Shein, Temu et AliExpress dans le viseur des professionnels
Yann Rivoallan n’a pas caché sa volonté de voir ces plateformes disparaître du marché français. « On a une partie de la population qui surconsomme, qui s’appauvrit (...) et qui se retrouve à acheter sur Shein des produits de merde qui sont dangereux pour elle », a-t-il critiqué. Selon lui, ces plateformes vendent des vêtements de mauvaise qualité, parfois dangereux pour la santé, et contribuent à une logique de surconsommation néfaste pour les consommateurs comme pour l’environnement.
Cependant, il a reconnu qu’une interdiction immédiate n’est pas réalisable. « On ne peut pas faire comme par exemple avec le bœuf qui vient du Brésil, il n’arrive pas en masse », a-t-il comparé. « On ne peut pas arrêter tous ces produits d’un coup ». Cette prudence s’explique par la difficulté à contrôler l’ensemble des flux de produits importés, notamment via des plateformes en ligne difficiles à réguler.
Un secteur en tension face à la fast-fashion
Le secteur du prêt-à-porter féminin est en première ligne face à la montée en puissance de l’ultra fast-fashion. Ces plateformes, qui proposent des vêtements à des prix dérisoires et avec des délais de livraison ultra-rapides, ont bouleversé les codes du marché. Selon la Fédération française du prêt-à-porter féminin, elles représentent aujourd’hui plus de 10 % des ventes de vêtements en France, un chiffre en constante augmentation depuis 2020.
Face à cette concurrence, les acteurs traditionnels du secteur dénoncent une distorsion de concurrence. « La mode est polluante et donc on doit mieux consommer la mode », a rappelé Yann Rivoallan. « On doit moins acheter des vêtements qu’on en a acheté il y a 20 ans ». Pour lui, la régulation passe autant par des mesures fiscales que par une prise de conscience collective des consommateurs.
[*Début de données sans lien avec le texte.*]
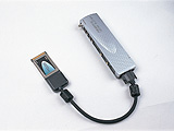 | 最近はパソコンのCPUパワーやディスク容量が上がってきたこともあって、パソコン上で動画を楽しみたいという人が増えている。単にDVDビデオを再生するだけとか、ネットからダウンロードした動画を観るというだけならいいが、例えばパソコンでテレビ番組を録画するとかDTVをするということになると、けっこういろいろな機材や知識が必要になったり、専用パソコンが手っ取り早かったりして、つまり、メンドーでお金もかかったというのが現状だ。 ところが、東芝から新しく登場したパーソナルビデオプレーヤーことMEE100ASを使えば、いろんな方向の"パソコンでの動画遊び"を始められる。しかも、かなり手っ取り早く、オマケに比較的安価でできちゃうというから要チェック。 MEE100ASは、一言で言えば、一般のノートPCにビデオ入出力機能とテレビチューナー機能とテレビ番組録画機能とノンリニアビデオ編集機能を付加するための周辺機器。って全然一言になってねえよ>拙者。ぶっちゃけた話、MEE100ASつないだノートPCは、テレビになり、ビデオデッキになり、ビデオ編集機になる。MEE100ASは、ノートPCに多くのビデオ機能を付加させる機器なのである。 |

Quelles conséquences pour les consommateurs ?
Le malus devrait entraîner une hausse des prix des produits vendus sur ces plateformes. Si cette mesure vise à protéger les consommateurs, elle pourrait aussi avoir des effets pervers. Certains craignent que les prix des vêtements ne deviennent inaccessibles pour les ménages les plus modestes, déjà touchés par l’inflation. D’autres s’interrogent sur l’efficacité réelle du malus, certains consommateurs pouvant se tourner vers des alternatives encore moins chères.
Par ailleurs, la Fédération française du prêt-à-porter féminin a appelé à une refonte plus globale de la fiscalité du secteur. « Ce n’est pas une solution miracle », a souligné Yann Rivoallan. « Mais c’est un premier pas ». Il a également plaidé pour une meilleure information des consommateurs sur l’impact environnemental et social de leurs achats, afin de les inciter à privilégier des produits durables et locaux.
Enfin, cette mesure s’inscrit dans un contexte plus large de régulation européenne. La Commission européenne travaille actuellement sur un règlement visant à limiter l’impact environnemental de la fast-fashion, avec des propositions attendues d’ici fin 2026. La France pourrait servir de laboratoire pour ces nouvelles règles.
Yann Rivoallan a indiqué que la Fédération poursuivra ses actions pour sensibiliser les pouvoirs publics et les consommateurs. « On ne lâchera rien », a-t-il conclu. « Il faut que la mode redevienne un plaisir, pas une addiction ».